A Wizard of Earthsea



Le Guin is a rare breed, an author who is not only willing to reflect on what she has written but is skilled at breaking down what her novel has accomplished, where it shines, and where she feels it falls short.  My copy of Earthsea comes with an afterward that Le Guin wrote in 2012, some 44 years after the novel was first published.  Reading it, she said everything I was thinking about the nature of her hero and his quest as it relates to other fantasy quests.  Here’s what she says:

Hero tales and adventure fantasies traditionally put the righteous hero in a war against unrighteous enemies, which he (usually) wins.  This convention was and still is so dominant that it’s taken for granted – ‘of course’ a heroic fantasy is good guys fighting bad guys, the War of Good Against Evil.
But there are no wars in Earthsea. No soldiers, no armies, no battles.  None of the militarism that came from the Arthurian saga and other sources and that by now, under influence of fantasy war games, has become obligatory.
I didn’t and don’t think this way; my mind doesn’t work in terms of war. My imagination refuses to limit all the elements that make an adventure story and make it exciting – danger, risk, challenge, courage – to battlefields.  A hero whose heroism consists of killing people is uninteresting to me, and I detest the hormonal war orgies of our visual media, the mechanical slaughter of endless battalions of black-clad, yellow-toothed, red-eyed demons.
War as moral metaphor is limited, limiting, and dangerous.  By reducing the choices of action to ‘a war against’ whatever-it-is, you divide the world in Me or Us (good) and Them or It (bad) and reduce the ethical complexity and moral richness of our life to Yes/No, On/Off.  This is puerile, misleading, and degrading.  In stories, it evades any solution but violence and offers the reader mere infantile reassurance.
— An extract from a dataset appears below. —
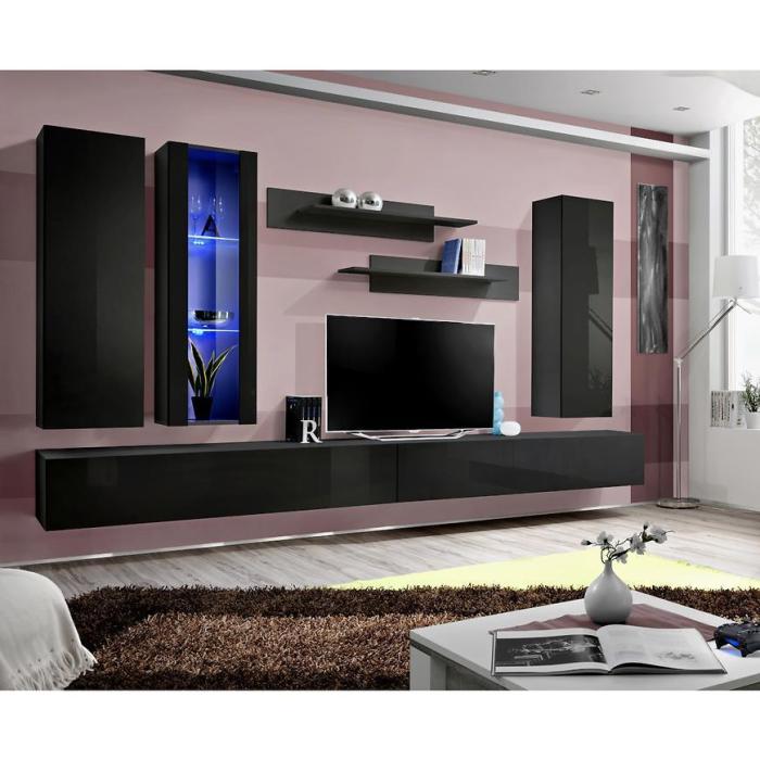 Meblościanka Fly E+szkło czarny Zz Fy E4 to szeroki zestaw mebli do salonu, który łączy elegancki design z praktycznym układem półek i szafek. Fronty w kolorze czarnym z połyskiem nadają meblowi wyrazisty i elegancki charakter, a matowy korpus tworzy subtelny kontrast, wprowadzając nowoczesny styl do wnętrza.
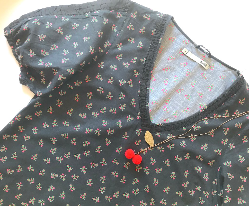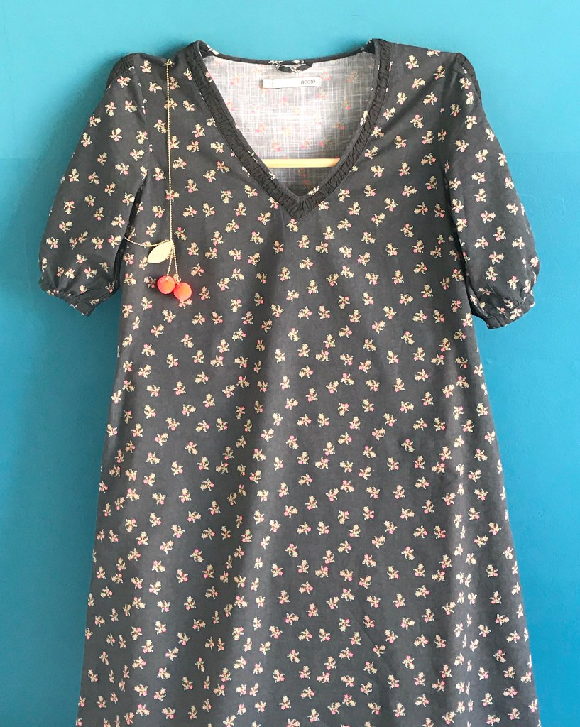 Voici une jolie rob, ici de la marque acoté dont la coupe est particulièrement seyante, à la fois originale par ses manches et son décolleté en V et très agréable à porter grâce à son tissu de coton. Seul petit bémol : les couleurs un peu ternes qui donnent l’impression que le tissu a été délavé. Le fond est gris et les fleurs sont rose et vert très pâle. Le challenge a donc consisté à lui donner un petit coup de peps en coloriant les motifs avec des stylos spécialement adaptés au tissu qui se fixe avec un simple fer à repasser, sans vapeur.

All too often the heroes of such fantasies behave exactly as the villains do, acting with mindless violence, but the hero is on the ‘right’ side and therefore will win.  Right makes might.
Or does might make right?
If war is the only game, yes. Might makes right.  Which is why I don’t play war games.
To be the man he can be, Ged has to find out who and what his real enemy is. He has to find out what it means to be himself.  That requires not a war but a search and a discovery.  The search takes him through mortal danger, loss, and suffering. The discovery brings him victory, the kind of victory that isn’t the end of a battle but the beginning of a life.
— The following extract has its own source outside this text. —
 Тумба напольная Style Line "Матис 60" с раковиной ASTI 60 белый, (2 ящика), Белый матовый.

Like all her novels, A Wizard of Earthsea is beautifully written and narratively compelling.  Unlike her other novels published before it, A Wizard of Earthsea is focused, moving with a purpose from chapter to chapter.  It’s not rushed; it unfolds leisurely as is her want, but each chapter moves us measurably along a course that is discernible to the reader.  At some point in every novel before this one (and at many points in most of them) I have wondered where the story was going, what it was building to, what it was about.  A Wizard of Earthsea sets up Ged’s contest with the shadow early on and doesn’t veer.

It was a quite refreshing tactic, and I was thrilled to see that she could accomplish the feat without sacrificing any of the style that makes her writing so rewarding. The most that’s-so-Le-Guin part of the story was, to me, Ged’s and Vetch’s sailing beyond Lastland through the open waters, and getting to it was like rejoining a friend after a long parting. 
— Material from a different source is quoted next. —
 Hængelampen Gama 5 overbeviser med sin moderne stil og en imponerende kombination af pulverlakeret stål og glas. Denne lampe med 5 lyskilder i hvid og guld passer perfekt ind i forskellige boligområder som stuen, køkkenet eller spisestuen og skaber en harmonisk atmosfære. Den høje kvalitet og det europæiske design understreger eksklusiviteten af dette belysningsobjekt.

The world of Earthsea, the system of archipelagos as the only known lands, is a rich idea for a fantasy world, and Le Guin uses her art to bring the system of islands to life, giving each region and cluster its own flavor and history.  I can see already why the book was turned into a series, not something Le Guin had originally planned to do.

We are going to be starting on The Tombs of Atuan even tonight.